Macedonia, without a doubt, can be described as a “breathtaking” country in two different ways: first because of its beautiful nature and nice and welcoming people; second because of the annual negative news about the air quality in its cities – especially in Skopje. According to statistics of the WHO, Skopje is playing in the same league with Beijing, New Delhi and other Chinese and Indian cities if it comes to air pollution. But also other European cities like Sarajevo or Krakow are struggling with a deadly mix of fumes, aerosol particles and nitrogen oxides.
According to a 2018 report of the WHO (World Health Organization), 9 out of 10 people on the Earth are breathing highly polluted air and around 7 Million people around the world die every year from the consequences of pollution and bad air quality – just a comparison: that’s the entire population of Serbia or Bulgaria! Most people might think about Shanghai, Mexico City or New Delhi when they hear about smog problems, but also European cities have huge problems with air quality.
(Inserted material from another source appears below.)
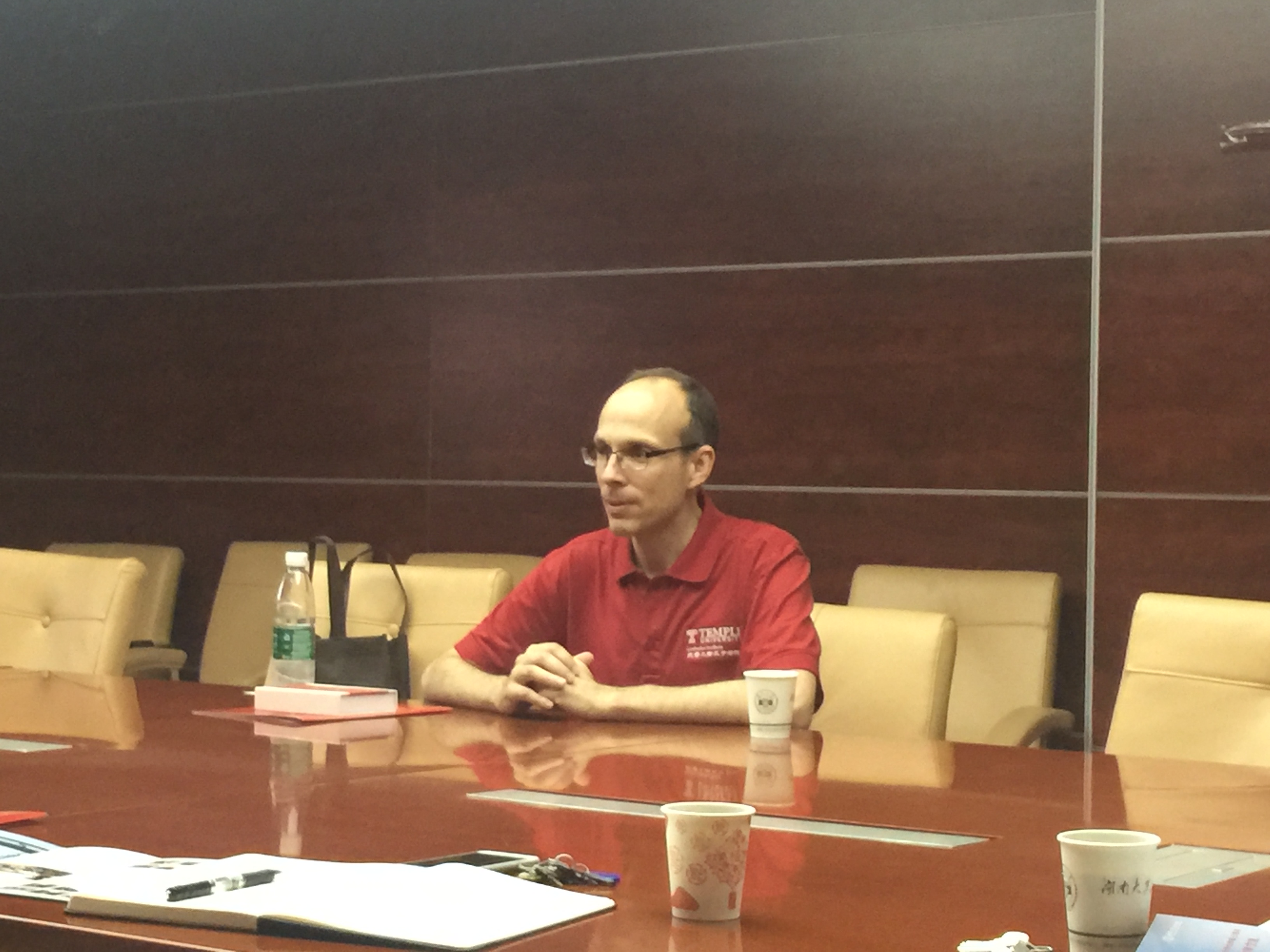 会议伊始,屈茂辉院长对John Smagula副教授的来访表示热烈欢迎,并表示五楼自拍 非常重视与美国天普大学五楼自拍 的交流与合作。John Smagula副教授向屈院长详细介绍了美国天普大学与清华大学合作的法学硕士学位教育项目,并鼓励五楼自拍 的应届毕业生攻读美国天普大学的法学硕士学位。交流之中,John Smagula副教授亦提到了美国天普大学招收访问学者项目以及博士生联合培养计划。

Looking at the interactive map of the European Air Quality Index or the Berkeley Earth pollution map, a clear gap between eastern and western Europe becomes visible. The most polluted areas can be found in eastern Europe (here especially in the south of Poland) and on the Balkans – here mostly in Bosnia and Herzegovina, Bulgaria and Macedonia. But also western metropolises like Paris, Milan or the Ruhr-Area in Germany are exceeding the pollution limits set by the EU on a regular basis.
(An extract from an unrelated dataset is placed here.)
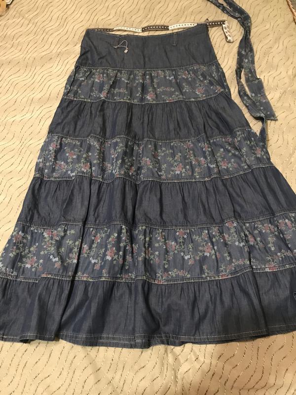 Юбка из тонкого джинса, очень красивая, но новая, без бирки,комби, с поясом.Длина 98,талия 42.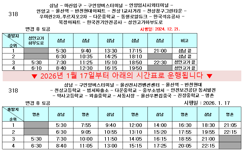 - 이전글2026년 1월 13일 울주13번이 차량 검사로 운행시간이 변경됩니다. 26.01.07

The smog over the cities contains a (in some places highly toxic) cocktail of particulate matter (PM), ozone (O3), sulfur dioxide (SO2) and nitrogen oxides (NO2). A long lasting exposure to aerosol particles in a density of less than 2,5 µg/m3 of air can cause serious damage to the lungs (already particles of less than 10 µg can penetrate the lungs) and are clearly related to a high mortality rate in those areas with a high level of pollution. Negative health effects can be observed even with a low concentration of particulates. Ozone, sulfur dioxide and nitrogen dioxide are proved to cause a highly negative impact on the cardio-vascular and the respiratory system, inducing chronic bronchitis, asthma, inflammations of the respiratory system and blood circulation problems. The main causes of death caused by these elements are (among others): lung cancer, (brain) stroke, acute infections of the respiratory organs and cardio-vascular diseases (blood circulation problems).
While in summer the air quality in most European agglomerations is fair to moderate, the most hazardous time are the winter-months. Not only the road traffic but also coal power plants and private households contribute to worsen the air quality. Many people in the Balkan-countries heat with coal, wood or even old engine oil, plastic and other poisonous energy sources and most public buses in the cities work without catalytic converters.
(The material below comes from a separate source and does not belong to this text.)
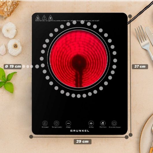 La placa de cocción por infrarrojos GRUNKEL IFR-2000 es una opción moderna, potente y segura para cocinar en cualquier lugar. Su tecnología por infrarrojos calienta de forma directa y uniforme, sin necesidad de utensilios especiales, lo que la hace compatible con todo tipo de ollas y sartenes. Con una potencia de hasta 2000W y 8 niveles ajustables, ofrece un control preciso para diferentes recetas, desde cocción lenta hasta hervidos rápidos. Su superficie de cristal negro de 29×37 cm con marco plateado aporta elegancia y resistencia. Incluye control táctil intuitivo, temporizador programable de hasta 3 horas y bobina calentadora de alta calidad para una mayor durabilidad. Además, incluye bloqueo de seguridad infantil para una mayor tranquilidad en el hogar. Ideal para cocinas pequeñas, apartamentos, segundas residencias o como complemento portátil. Gracias a su tamaño compacto y fácil manejo, es perfecta para quienes buscan versatilidad, eficiencia y estilo en una placa eléctrica moderna.

But not only the sources of the fumes is a crucial condition for a high level of pollution, but also geographical circumstances. The example of Skopje shows it clearly: the city is situated in a basin surrounded by mountains on three sides, which has a hindering impact on the air exchange in the area and keeps the bad air over the city. Sarajevo – another Balkan city with similar high levels of air pollution – is facing the same geographical case.